CUS3D :CLIP-based Unsupervised 3D Segmentation via Object-level Denoise

Fuyang Yu,Runze Tian,Zhen Wang,Xiaochuan Wang,Xiaohui Liang
2024-09-21
Abstract:To ease the difficulty of acquiring annotation labels in 3D data, a common method is using unsupervised and open-vocabulary semantic segmentation, which leverage 2D CLIP semantic knowledge. In this paper, unlike previous research that ignores the ``noise'' raised during feature projection from 2D to 3D, we propose a novel distillation learning framework named CUS3D. In our approach, an object-level denosing projection module is designed to screen out the ``noise'' and ensure more accurate 3D feature. Based on the obtained features, a multimodal distillation learning module is designed to align the 3D feature with CLIP semantic feature space with object-centered constrains to achieve advanced unsupervised semantic segmentation. We conduct comprehensive experiments in both unsupervised and open-vocabulary segmentation, and the results consistently showcase the superiority of our model in achieving advanced unsupervised segmentation results and its effectiveness in open-vocabulary segmentation.
Computer Vision and Pattern Recognition,Multimedia
What problem does this paper attempt to address?

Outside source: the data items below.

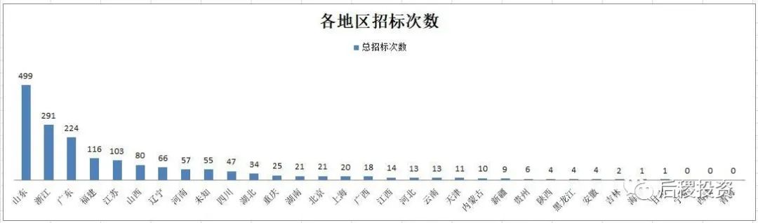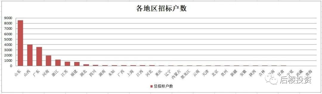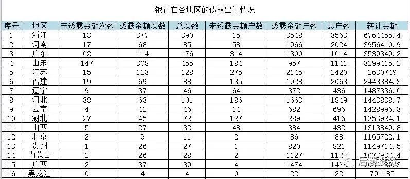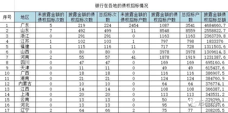 銀行招標次數(shù)前五的省份是山東、浙江、廣東、福建和江蘇,戶數(shù)前五的省份是山東、山西、廣東、河南和浙江,而披露的金額前五的省份是廣東、山東、浙江、江蘇和福建,山西和河南排第六和第七。總體來說除傳統(tǒng)成交活躍大省外,河南和山西等中部地區(qū)省份的銀行的債權招標力度也較大。
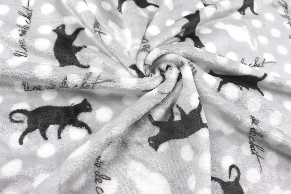 Mit diesem Soft-Knit-Kuschelstoff zieht pure Freude ins Nähzimmer ein! Das charmante Katzenmotiv mit kleinen Punkten sorgt für eine verspielte Optik, während die weiche Oberfläche zum Anfassen und Wohlfühlen einlädt. Perfekt geeignet für Kleidung, Accessoires oder kuschelige Heimtextilien.
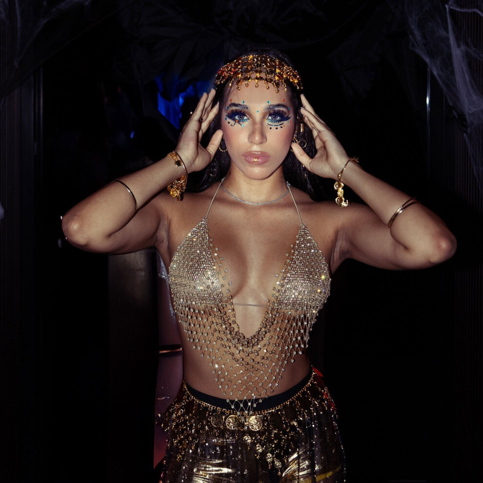 (One Size, Gold) Women's Rhinestone Lingerie Tops Cute Sleeveless Backless Spaghetti Strap Halter Bra Tanks
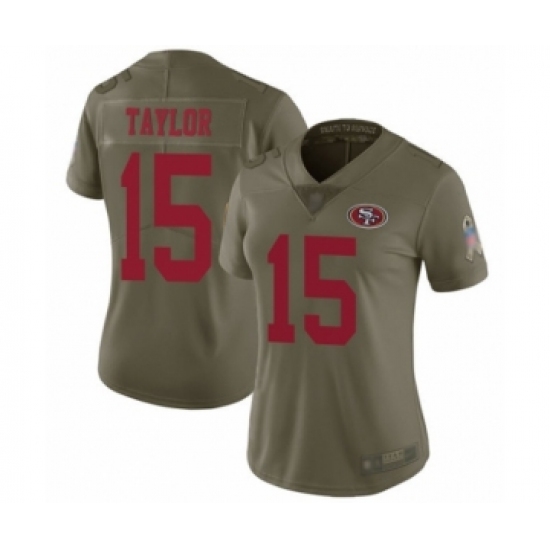 >Women's San Francisco 49ers #15 Trent Taylor Limited Olive 2017 Salute to Service Football Jersey

### What problems does this paper attempt to solve? This paper aims to solve the problem of the difficulty in obtaining labeled data in 3D point cloud semantic segmentation. Specifically, the authors propose a new framework named CUS3D for unsupervised 3D semantic segmentation through object - level denoising. #### Main problems: 1. **Difficulty in obtaining labeled tags**: Obtaining annotation information in 3D data is very difficult, resulting in a lack of sufficient labeled data in the field of 3D point cloud semantic segmentation, which limits the research and development in this field. 2. **The "noise" problem in existing methods**: Existing unsupervised 3D semantic segmentation methods introduce a large amount of "noise" when projecting 2D features into 3D space, and these "noise" affect the final segmentation accuracy. #### Solutions: To address these problems, the CUS3D framework proposes the following innovations: 1. **Object - level Denoising Projection (ODP) module**: - An object - level denoising projection module is designed to filter out the "noise" introduced in the 2D and 3D stages, so as to obtain more accurate 3D features. - Through efficient clustering and voting strategies, ensure that the pixels or points within each object have the same characteristics and reduce the influence of "noise". 2. **Multi - modal Distillation Learning (MDL) module**: - A multi - modal distillation learning module is introduced, using object - centered constraints to make the 2D and 3D semantic spaces as close as possible, further filtering out the influence of "noise". - Through knowledge distillation, make the 3D model better align with the CLIP semantic space, thereby improving the segmentation accuracy. #### Experimental results: - Experiments on the ScanNetV2 and S3DIS datasets show that CUS3D has achieved state - of - the - art performance in unsupervised semantic segmentation tasks. - It also performs well in open - vocabulary semantic segmentation tasks, proving its robustness and effectiveness. In conclusion, the CUS3D framework significantly improves the accuracy of unsupervised 3D semantic segmentation by effectively aligning 3D features and 2D CLIP semantic spaces and through object - level denoising.